Cada cierto lapso de tiempo un enorme cucharón ingresaba en el ponche servía en un vaso, y revolvía el contenido. Dejando al pobre elefante pataleando contra el remolino. Hasta que por fin se aquietaba y continuaba nadando normalmente. El sueño era una especie de loop, una constante, monótona y lineal.

Finalmente nuestro juvenil héroe acabó por despertarse, empapado en sudor alcohólico. Y con una acidez importante en el estómago. Se mojó la cara e intentó forzar las arcadas. Sabía que el ardor estomacal no lo dejaría volver a dormirse.

Intento una y otra vez pero no pudo lanzar. Terminó lavando sus dientes, y tomándose unas sales efervescentes y un antiácido. Y al cabo de cuarenta minutos, se durmió.

Volvió a abrir el ojo cerca de las once de la mañana, y siguió durmiendo. Estaba teniendo unos sueños muy extraños. Soñaba con cárceles abandonadas. Donde los reclusos eran fantasmas, o almas en pena, y atravesaban las paredes del lugar en busca de quién sabe qué.

Nuevamente despertó cerca de las 13:20, y ya no quiso seguir durmiendo. Bajó y compró un yogurt bebible y cereales. Desayunó en el balcón, y observó pensativo la autopista. Muchos automóviles comenzaban a volver a la ciudad. Mañana sería lunes otra vez, y los niños debían volver al colegio, y los adultos a sus trabajos.

El día estaba soleado, y el joven Fénix aprovechó esto para lavar algo de ropa. Tres camisas, cuatro remeras, y cuatro juegos de ropa interior: fueron suficientes para llenar el tender. Luego barrió un poco el cuarto, y salió con la bici para San Telmo.

Pedaleó por San Juan hasta Perú, allí dobló a la izquierda hasta llegar a la calle Chile. Cruzó la feria, y entró en el bar Moliere, en la esquina de Balcarce. Allí trabajaba Andrés, su mejor amigo.

Se habían conocido en el colegio, en primer año del secundario. Muchos años de amistad llevaban. Y habían llegado a un punto en que no necesitaban contarse ya muchas cosas. Ya ambos conocían, con bastante certeza, lo que el otro pensaba. No se recriminaban cosas, no se ofendían, no se peleaban. Eran parte de una misma alma, y contenían una relación de amistad totalmente libre y sin condiciones.

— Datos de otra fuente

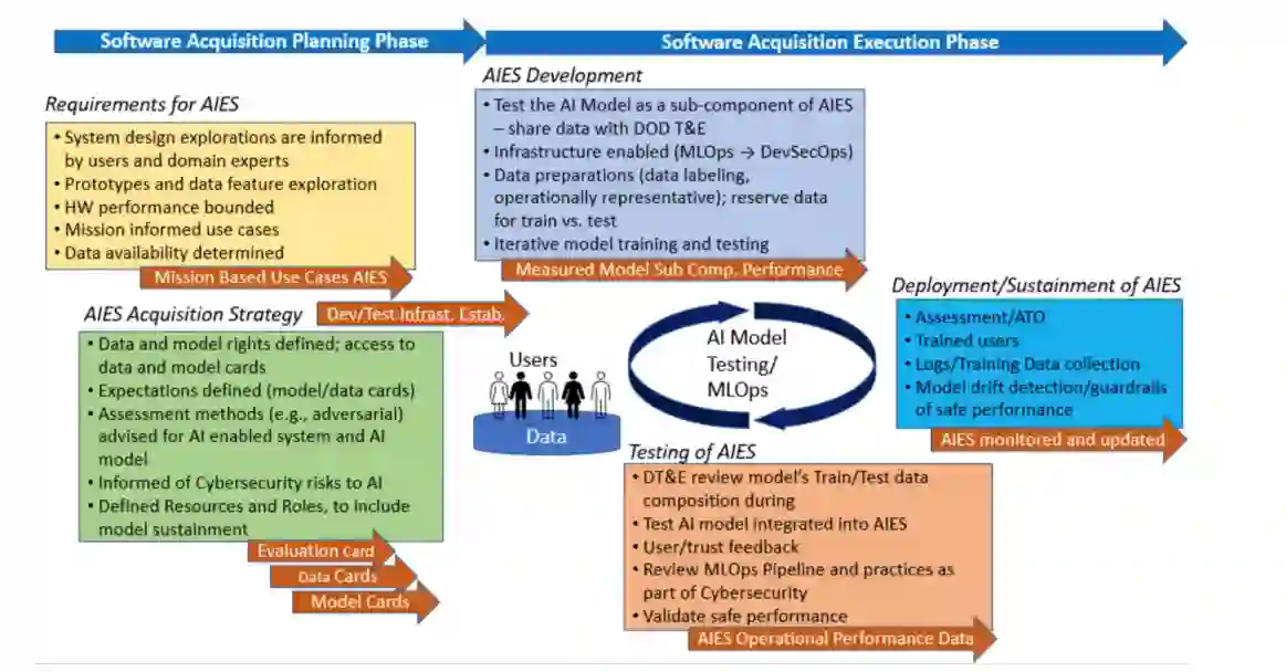 确保并了解系统工程生命周期早期用于构建 AIES 的流程,为后期测试和开发过程中的测试与评估提供信息。AIES 需要持续监测和分析,以确保在系统的整个生命周期,特别是在部署和维护期间,满足任务需求。

Fénix entró al bar y fue directamente a la barra a saludar a su amigo. Hacían casi tres semanas que no se veían. Andrés estaba viviendo en la casa de su novia, en Avellaneda. Y solo venía para capital cuando tenía que trabajar en el bar.

Mucho para decirse no tenían. El noviazgo de Luciano le había dado una tranquilidad poco usual en él. Y Fénix tampoco tenía grandes aventuras para contarle. Simplemente tomaron unas cervezas y miraron el segundo tiempo de San Lorenzo - Colón. Terminaron ganando los santafecinos por 3 a 1, dejando al Cuervo cada vez más cerca del descenso directo.

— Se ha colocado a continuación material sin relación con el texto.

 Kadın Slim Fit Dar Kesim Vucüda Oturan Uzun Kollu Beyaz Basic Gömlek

Después de la cuarta cerveza Fénix se despidió de su amigo, y se fue con la bici para el parque Lezama. Todavía había bastante gente, y quedaban algunos puestos en la feria que cada domingo se arma sobre la avenida Martín García.

La recorrió caminando con la bicicleta a un costado. Y lo único que llamó un poco su atención fueron los puestos de la ropa deportiva. Revisó algunas remeras de fútbol viejas, pero al preguntar los precios se echó para atrás.

Siguió caminando hasta Defensa, y allí comenzó a fumar, mientras subía hasta la avenida Juan de Garay. Dejó la bici atada en la esquina de la comisaría 14ª. Justo enfrente de la casa de sus padres. Y cruzó a tocar el 2º “B”.

Vivian aún dormía la siesta. Y todavía era muy temprano para preparar la cena. Cacho lo invitó con un whisky, y se acomodaron en el sillón del living a mirar el televisor y leer el diario.

Era un anochecer tranquilo en Buenos Aires, los domingos por la noche son acaso los momentos de menor movimiento en las calles de la ciudad. Y eso se reflejaba sutilmente en el comportamiento de las personas y los animales.

No solo Vivian estaba sumida en un sueño profundo. También dormían las tres perras, dos en la cama grande, y la más pequeña en el sillón del hall central.

El primero en aparecer para saludar a Fénix fue el gato. Era un macho, Azul Ruso, que pesaba alrededor de ocho kilogramos. Su pelaje gris violáceo se quedaba pegado en todos lados, por el cambio de estación. Era un gato muy particular. Que parecía tener costumbres más bien caninas.

Estaba siempre dispuesto a saludar a quien quiera que entre en su casa. Montando una especie de show para el recién llegado, que se trataba de refregar todo su largo y ancho cuerpo por cuanta pata de silla (o mesa) se le cruzara en su camino. Emitiendo un ronroneo excesivamente ruidoso y grave. Luego se iría acercando al homenajeado para que le rasque la cabeza, y volvería a repetir su rutina con las patas de la mesa.

Lownnie, era un gato excesivamente terrenal. Tanto que no se lo podía levantar del suelo. Y si se podía, el gato se zafaba de alguna manera y regresaba de un salto a tierra firme. Era un gato cariñoso, pero estaba muy lejos de ser mimoso y apretujable. Es que, a pesar de estar castrado, cumplía su papel de macho a la perfección. Sobretodo porque en la casa eran todas hembras. Y como único macho, no podía andar suplicando que lo alcen y le den besitos en la pancita. Ah no, eso sí que no.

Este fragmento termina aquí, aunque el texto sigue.